Candace:  You only article once, so dive into this experience head first. Get your hands dirty by taking on difficult assignments, attending on examinations and mediations with different lawyers, meeting with clients or drafting complex documents. The only way to learn what kind of lawyer you want to be is if you put yourself out there. Also, don’t be afraid to ask for help. The lawyers and staff at Beard Winter are always willing to assist students in accomplishing their tasks. Lean on your fellow students for additional support you may need, as no one understands the articling process better than those who are going through it with you. Lastly, have fun, be yourself and take advantage of all the amazing opportunities articling has to offer.

Cemeka: Build a relationship with the clerks and assistants as soon as you get here as they are very helpful and knowledgeable. Also don’t be too hard on yourself if you mess up. Remember that you are learning something new for the first time and you will make mistakes. The important thing is to learn from that mistake and to own up to it right away.

Kendall: Make an effort to spend time with your colleagues outside of the office. The students go for lunch or drinks together about once a month and we often walk for a mid-day coffee as well.
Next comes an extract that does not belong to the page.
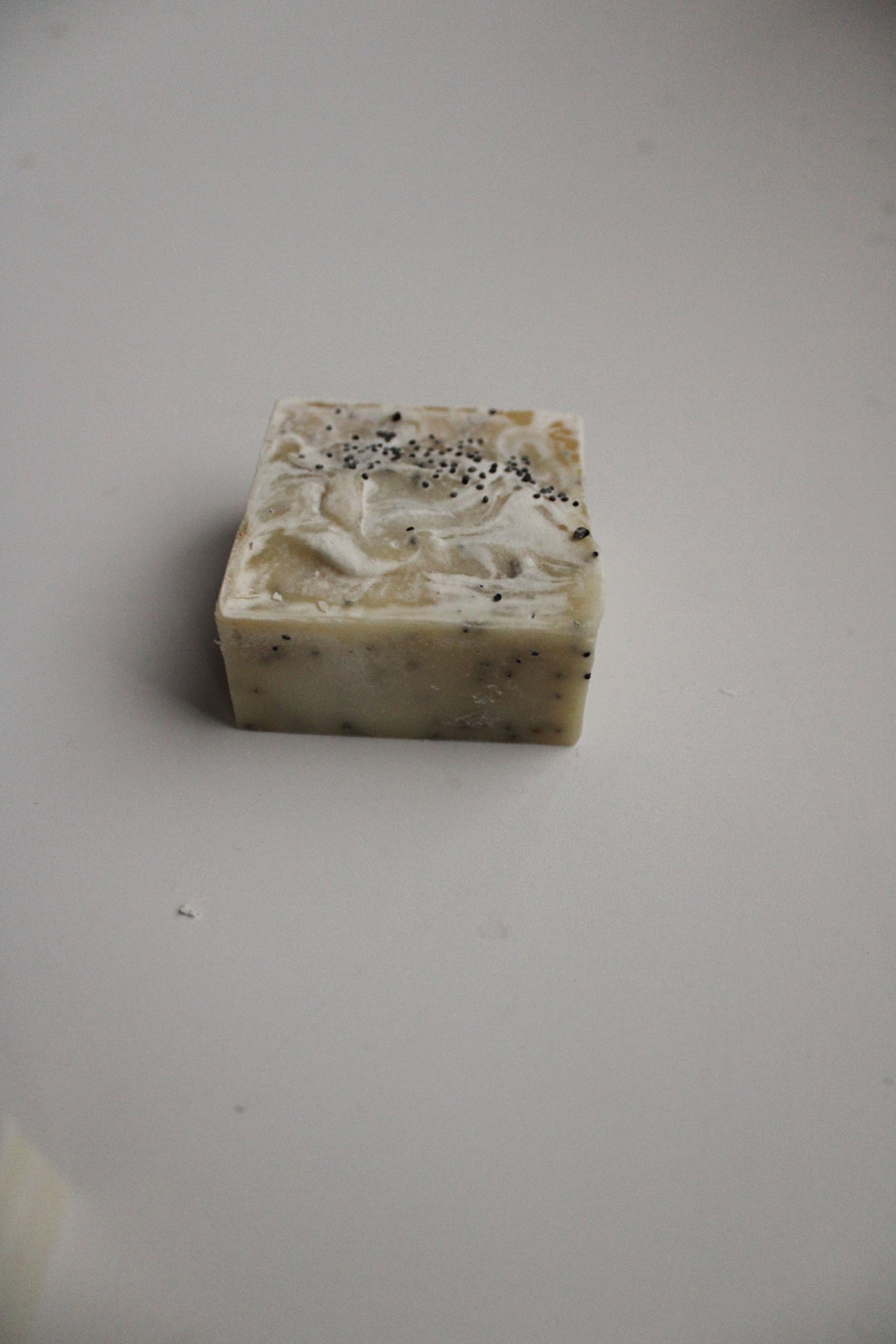 Lemon Poppy Seed: Grass fed beef tallow, Cold pressed organic olive oil, Organic coconut oil, distilled water, sodium hydroxide, Organic lemon essential oil, Turmeric powder, Poppy seeds.

It makes a big difference in your articling experience if you get along with the other students given how much time you’ll spend together.

Lee: Jump right in and take on whatever opportunities come your way. Articling provides you with the time to do things you won’t necessarily be able to as a lawyer, so take advantage of it. Also, ask questions. This is your time to learn and lawyers know that. Take advantage of lawyers making themselves available as resources as they have been through exactly what you are or will be going through.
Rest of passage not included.